■ Work to complete
Please reproduce the lines of the records below from the one holding "3일장을 치른 고 박" through the one holding "สภาพหนังสือ:ปกมีคราบเหลือง มีรอยขีดข่วน ถลอก", inclusive, skipping all pictures.

BEGIN

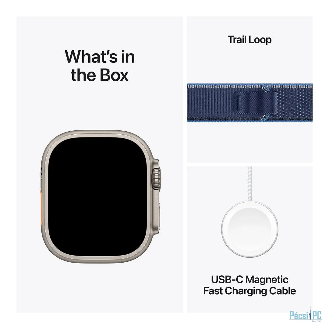 Kijelző mérete: 1,98", iOS, <2 nap, Vízálló, 10 ATM, Wi-Fi, Bluetooth, GPS, Gyroscope, NFC, Pulzusmérő, Gyorsulásmérő, Üzenet és hívás kezelése, Mikrofon, Alvás figyelés, Magasságmérő, Elégetett kalória kijelzés, Zene vezérlése, Tok mérete: 49x44x12mm
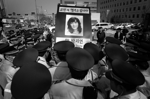 3일장을 치른 고 박 씨는 성남 화장터로 옮겨져 한 줌의 재로 남았지만 그의 사진을 들고 삼성 본관까지 이동하려던 행렬은 경찰에 가로막히기도 했다. 그의 마지막 가는 길을 사진으로 담았다.
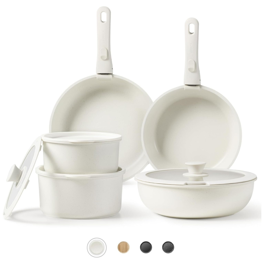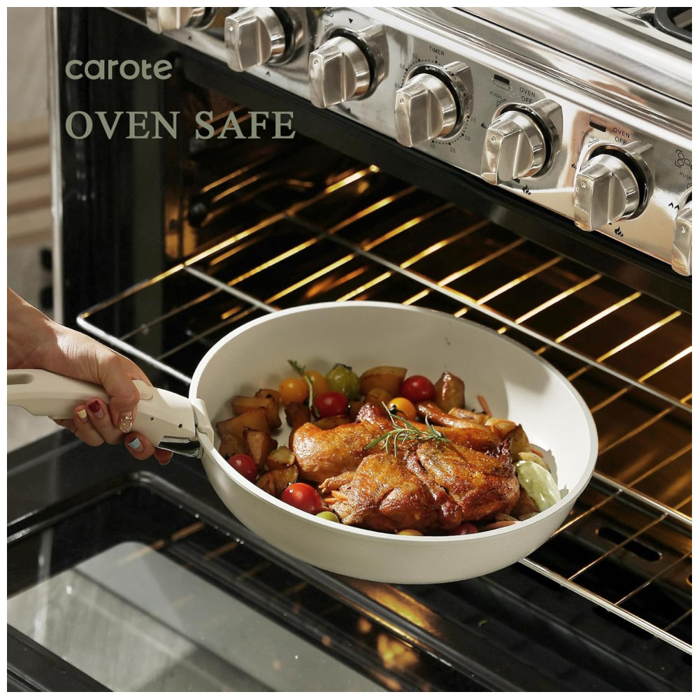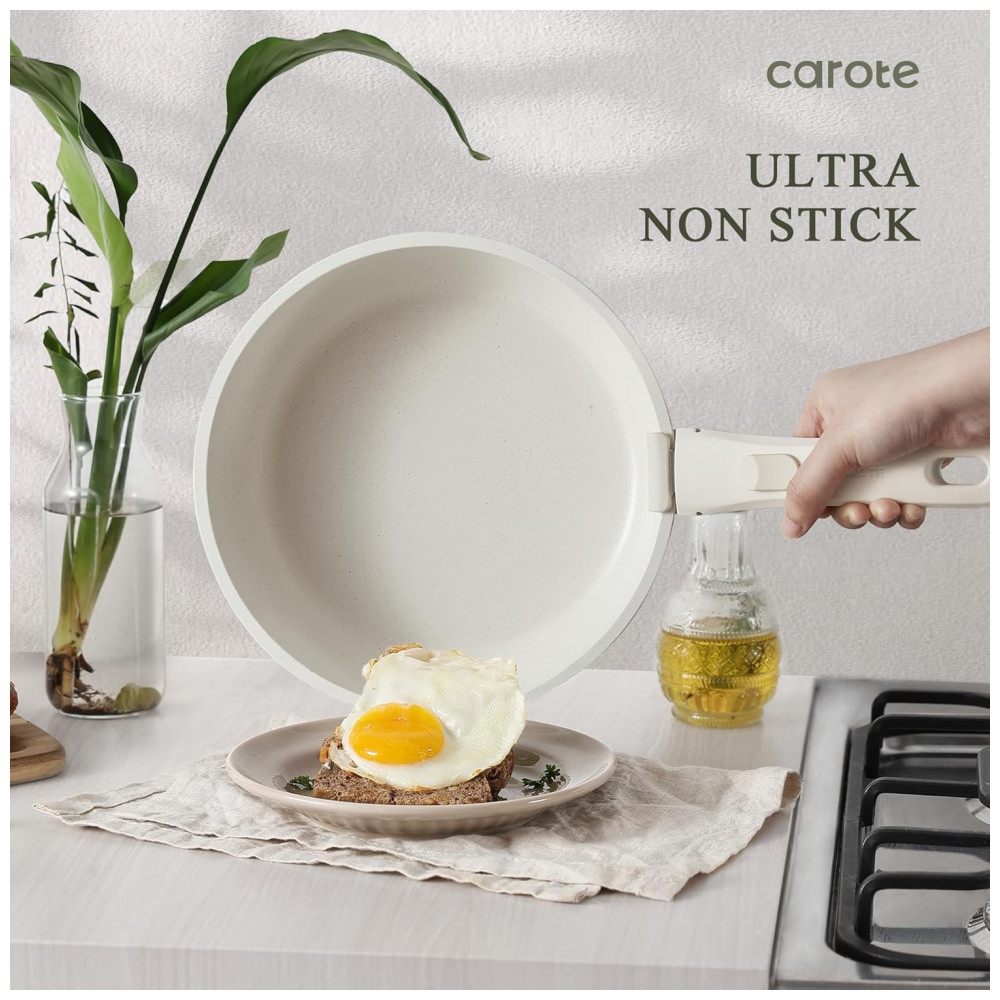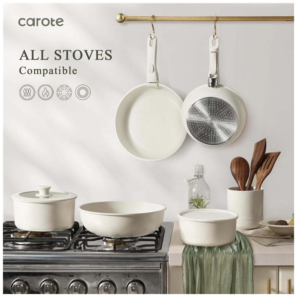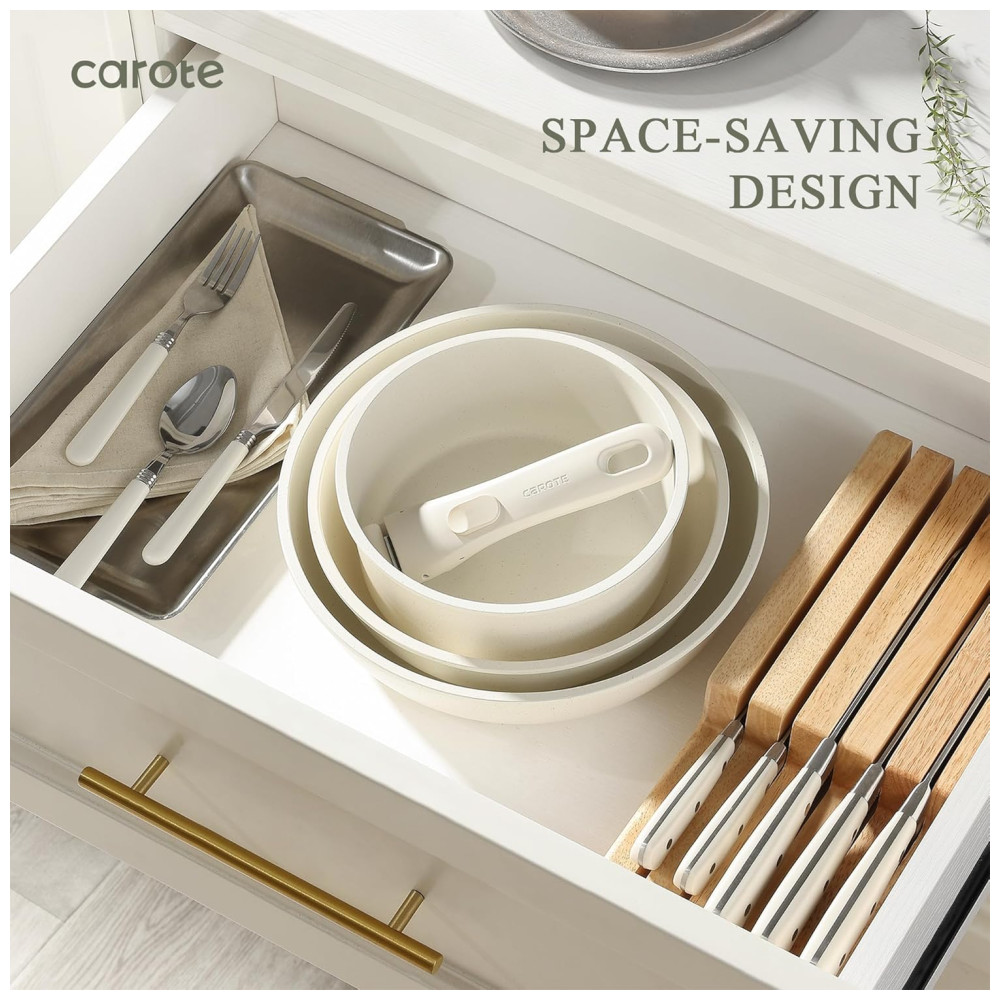 Jogo de Panelas e Frigideiras em Granito com Alça Removível e Revestimento Antiaderente 11 Peças CAROTE Creme Branco
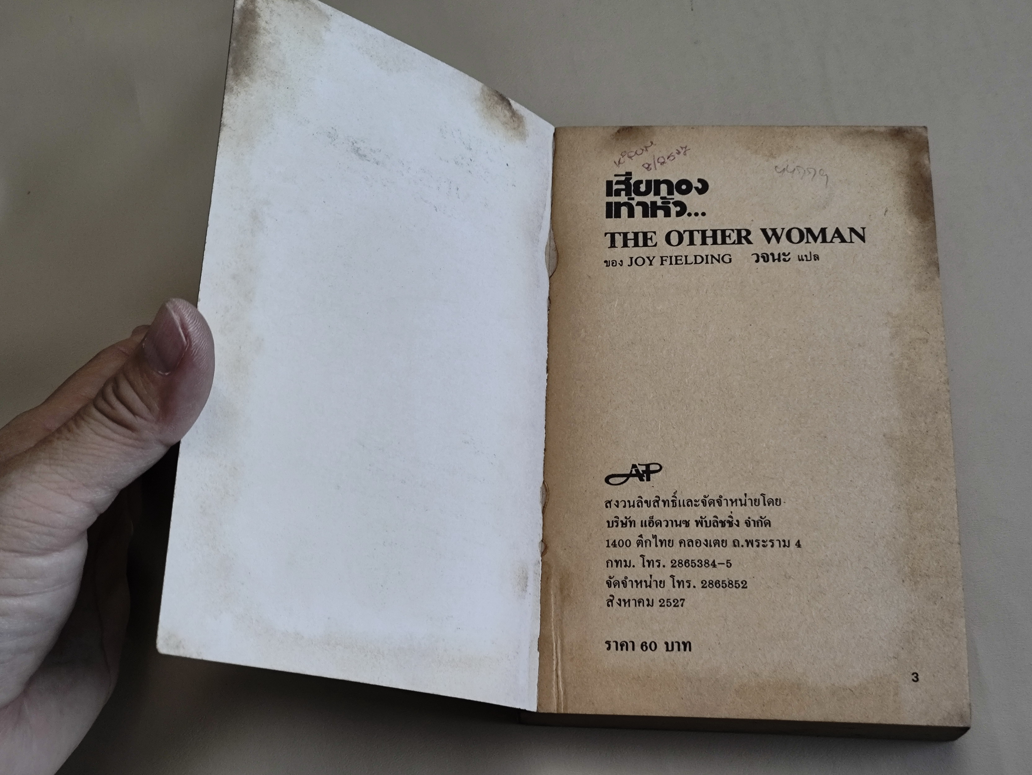 สภาพหนังสือ:ปกมีคราบเหลือง มีรอยขีดข่วน ถลอก ยับ ตามภาพ , ใบรองปก-หลังปกเป็นจ้ำเหลืองประปราย ใบรองปกหน้ามีลายเซ็นต์เจ้าของเดิม , กระดาษเหลืองตามขอบ และ เป็นจ้ำเหลืองประปราย , สันหนังสือเหลือง และเป็นจุดเหลืองประปราย
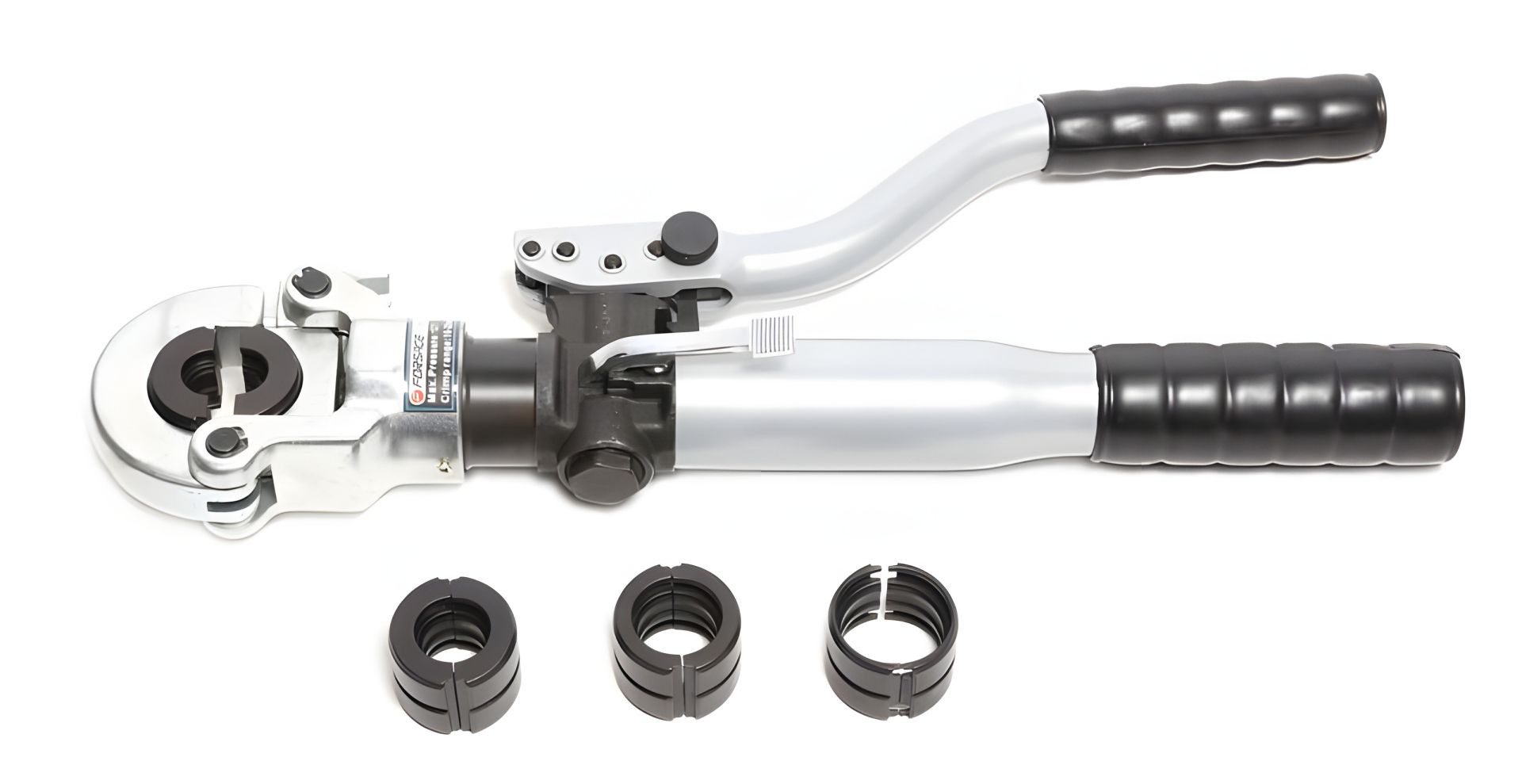 - Этот инструмент для обжима труб поставляется с утолщенным гидравлическим насосом. Отличается хорошей герметичностью и отсутствием утечек масла. Оснащенный предохранительным клапаном, давление автоматически сбрасывается, когда давление достигает ограниченного максимального значения.

END

■ Task solution
 3일장을 치른 고 박 씨는 성남 화장터로 옮겨져 한 줌의 재로 남았지만 그의 사진을 들고 삼성 본관까지 이동하려던 행렬은 경찰에 가로막히기도 했다. 그의 마지막 가는 길을 사진으로 담았다.
 Jogo de Panelas e Frigideiras em Granito com Alça Removível e Revestimento Antiaderente 11 Peças CAROTE Creme Branco
 สภาพหนังสือ:ปกมีคราบเหลือง มีรอยขีดข่วน ถลอก ยับ ตามภาพ , ใบรองปก-หลังปกเป็นจ้ำเหลืองประปราย ใบรองปกหน้ามีลายเซ็นต์เจ้าของเดิม , กระดาษเหลืองตามขอบ และ เป็นจ้ำเหลืองประปราย , สันหนังสือเหลือง และเป็นจุดเหลืองประปราย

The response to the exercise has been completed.